Developers building today inherit that debt unless the substrate they use clears it for them. Designing for privacy from the beginning — privacy by design — is much cheaper than retrofitting it later. And shipping privacy-protective defaults — privacy by default — raises the level of trust with your users, which translates into better sign-up rates, better retention, and more willingness to share data.
Glossary
- Data Subject: the individual the personal data relates to.
- Data Controller: the organization that determines the purposes and means of processing personal data.
- Data Processor: the organization that processes personal data on behalf of the Data Controller.

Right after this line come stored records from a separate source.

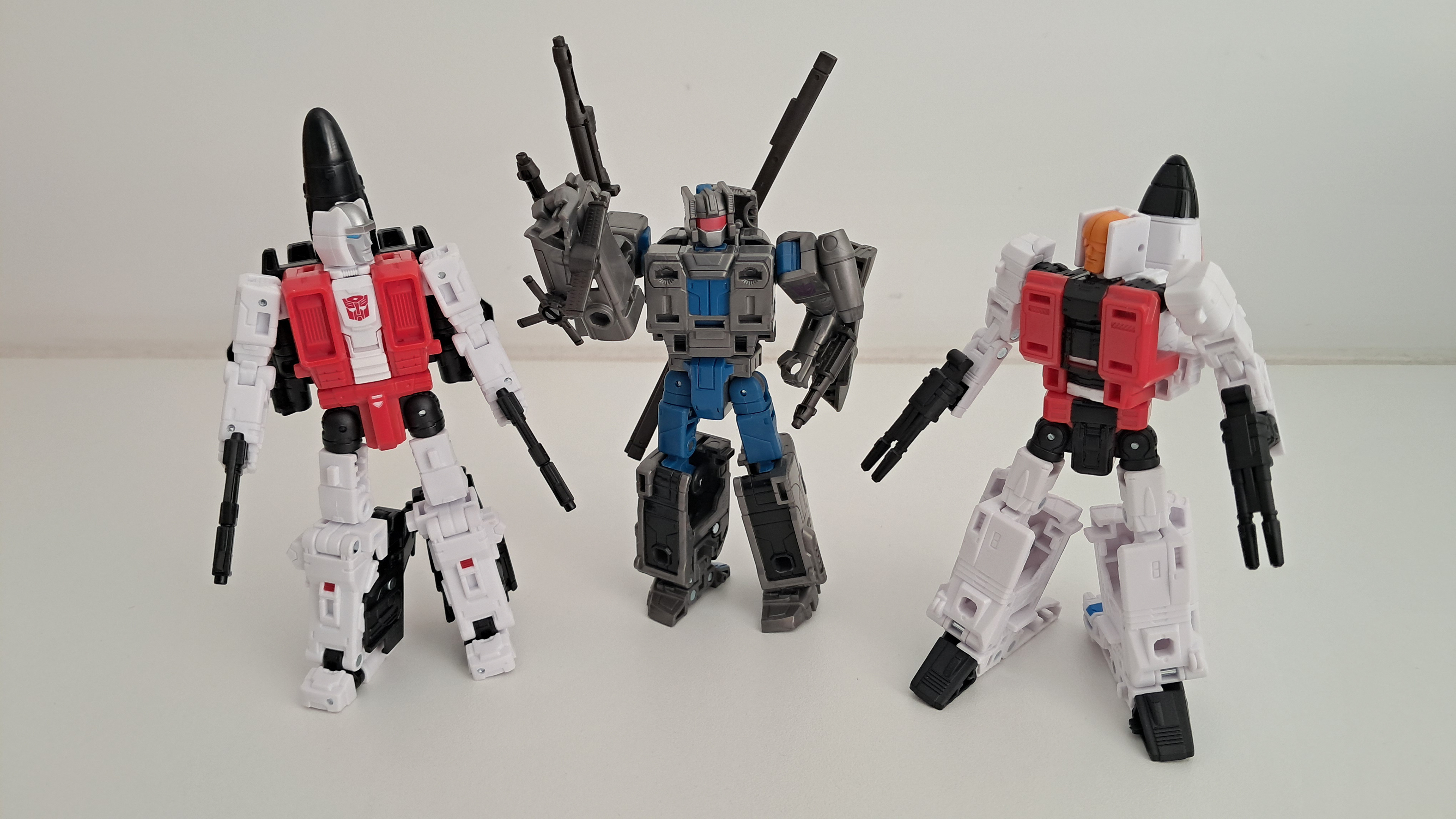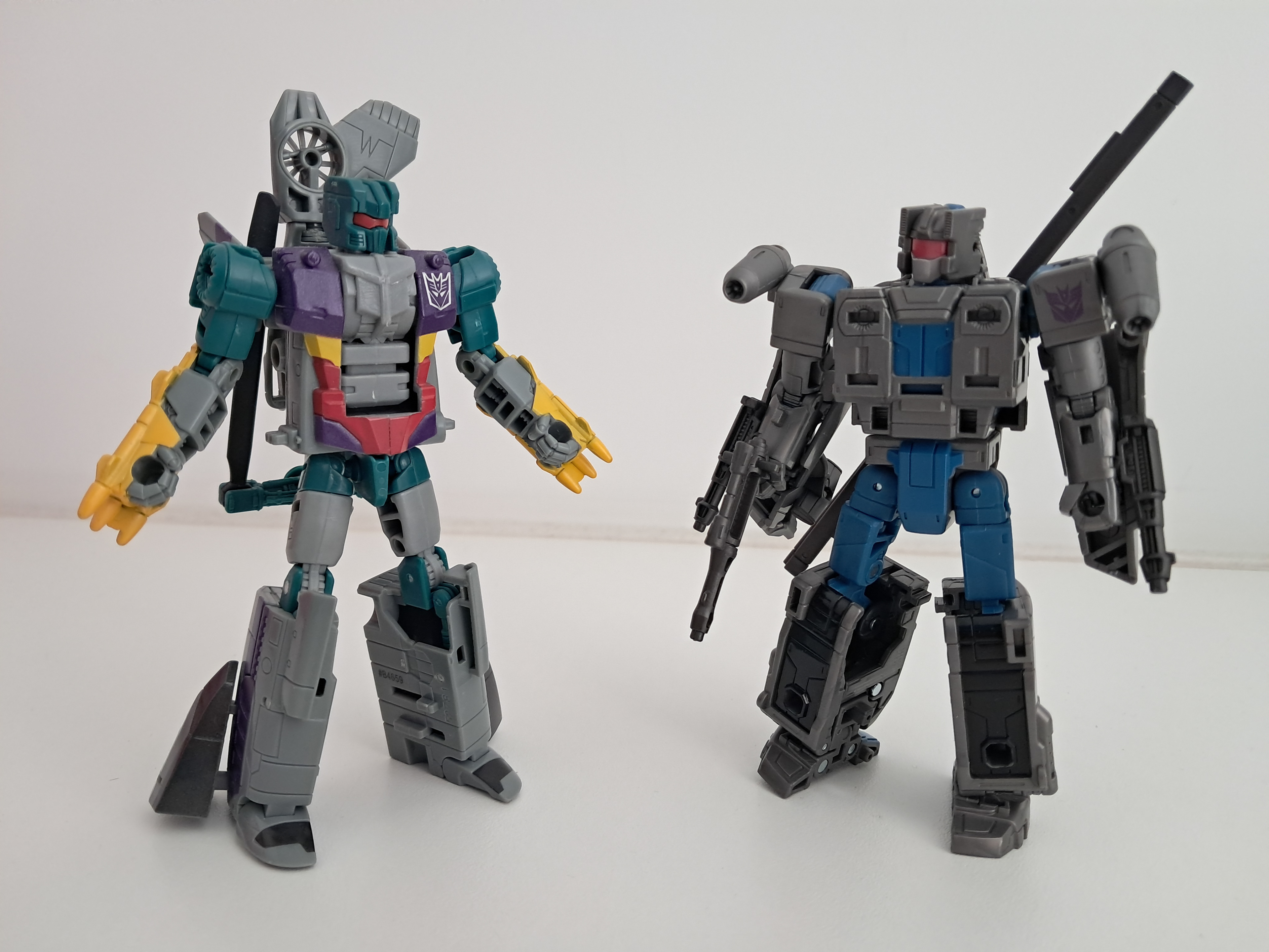 Het is dat ik hem nu tussen Slingshot en Air Raid heb gezet voor deze foto, want anders had ik beweerd dat Vortex wat groter is. Hij is van hetzelfde formaat, terwijl hij voor mijn gevoel wat forser is. Misschien is het zijn brede torso door de flinke schouders of de wieken die zijn profiel groter maken.
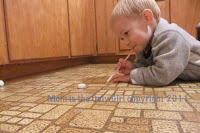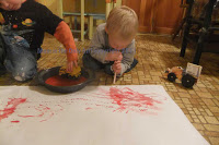 One night a week or two ago I had one boy who wanted to paint and another who just wanted to get into the pantry. I got a straw out for Sweet Pea, the 2 yr old who was attempting to get his own sweets from the pantry, and let him play with it while I got some paint ready for Cutie Pie. I laid out some big white paper on the kitchenette floor and prayed the boys would be relatively quite and occupied while the lessons were going on in the adjacent room.
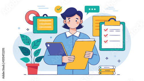 Business professional holding a clipboard with documents in a modern office environment surrounded by plants and organizational tools
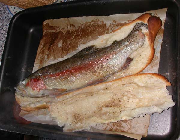 | Dopo aver pulito il pesce e averlo salato ne riempirete la pancia con l'impasto formato dal pane grattugiato il sale il pepe il prezzemolo l'olio d'oliva. |
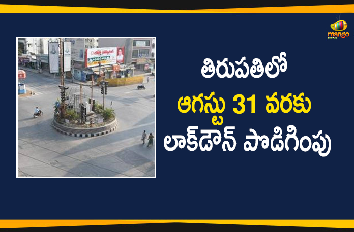 ఆంధ్రప్రదేశ్ లోని చిత్తూరు జిల్లాలో గత కొన్ని రోజులుగా కరోనా పాజిటివ్ కేసుల సంఖ్య పెరుగుతుంది. ముఖ్యంగా తిరుపతిలో కరోనా ప్రభావం ఎక్కువవుతుంది. ఈ నేపథ్యంలో ముందుగా ఆగస్టు 14 వరకు తిరుపతి నగరంలో పూర్తిస్థాయి లాక్డౌన్ ఆంక్షలు విధించిన సంగతి తెలిసిందే. కాగా కరోనా కేసులు పెరుగుతుండటంతో లాక్డౌన్ ను మరికొన్ని రోజులు పొడిగించారు. ఆగస్టు 31 వరకు లాక్డౌన్ అమలులో ఉంటుందని తిరుపతి మున్సిపల్ కార్పోరేషన్ కమిషనర్ పి.ఎస్ గిరీష ప్రకటించారు.
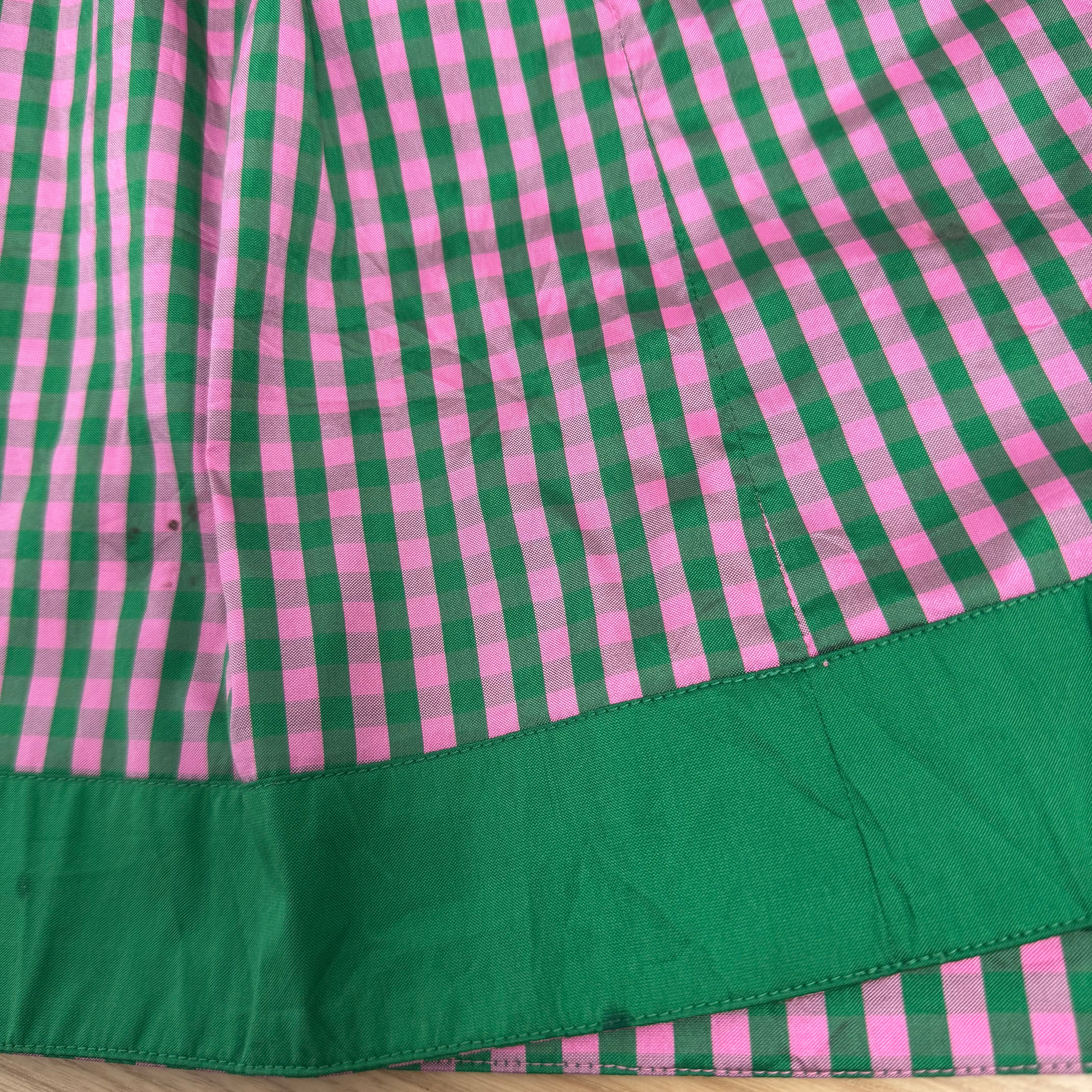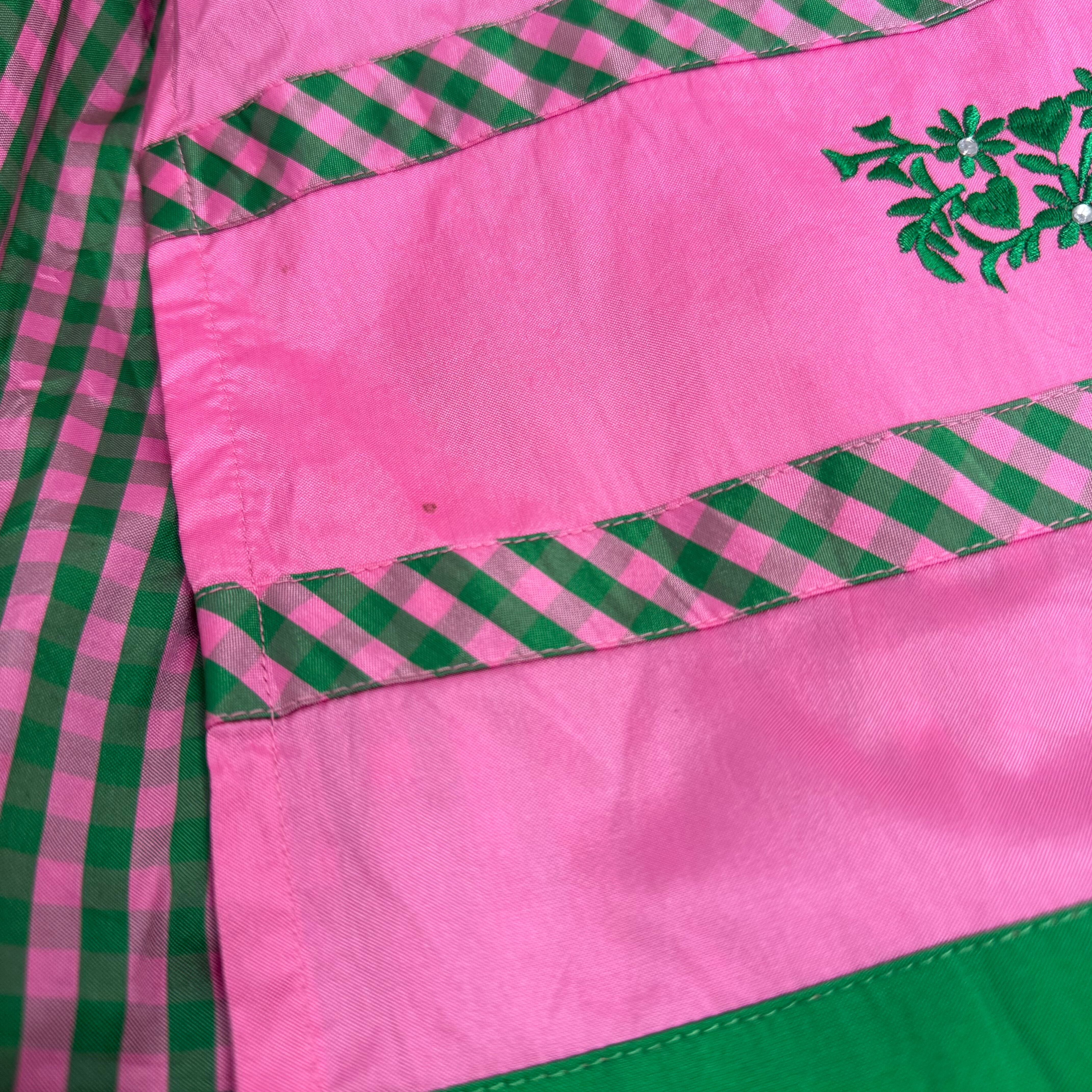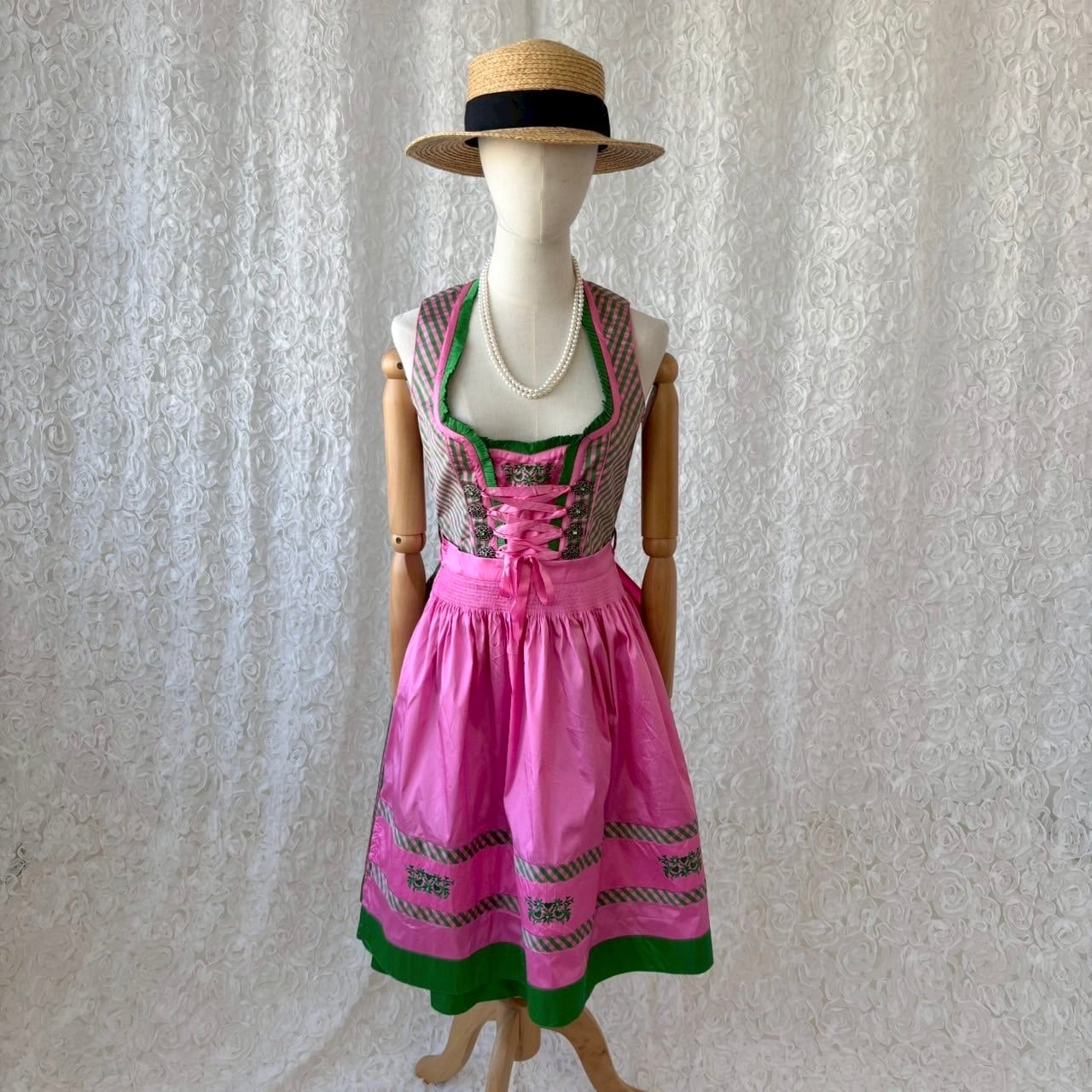 LANDHAUS チロリアンワンピース ピンク×グリーン ギンガムチェック レースアップ チロルワンピース ヨーロッパ古着

- Processing register (Art.30): a record of general information on the type of personal data you process and to what end.
- Subcontractor agreement (Art.28): defines the conditions under which a Data Processor undertakes to carry out personal data processing on behalf of a Data Controller.
Privacy by design in Pryv.io
Privacy by design means proactively considering privacy throughout the data lifecycle, starting from the very first design phase. Article 25(1) of the GDPR requires controllers to integrate data-protection principles at the time the means for processing are determined — not as a later add-on.
The standard pattern and its limits
Most platforms put access control next to the data, like this:
Processes ──direct access──► Personal Data
│
▼
Audit / Logs (after-the-fact, manual)
The consequences:
- Processes have direct access to personal data.
- Per-resource access is not tracked — audit is procedural and retroactive.
- The process registry is maintained manually; it drifts; when an auditor asks “show me your Art.30 register” you run a spreadsheet exercise.
Pryv.io’s architecture
Pryv.io puts Access Control on its own layer, between every process and any personal data:
Data Governance
│
▼
Processes ─►Access Control ─►Personal Data
│
▼
Audit / Logs per-Data-Subject (invariant, automatic)
- Access Control is a separate enforcement layer. No process talks directly to storage; every request resolves through an Access object (a token granting specific permissions on specific streams).
- Governance is applied per-process AND per-data-subject — every access on every subject’s account carries its own permission scope, its own audit trail, and its own version chain.
- The process registry is self-documented:
GET /accessesplus the audit log together IS your Art.30 records-of-processing register, derivable on demand. No spreadsheet exercise.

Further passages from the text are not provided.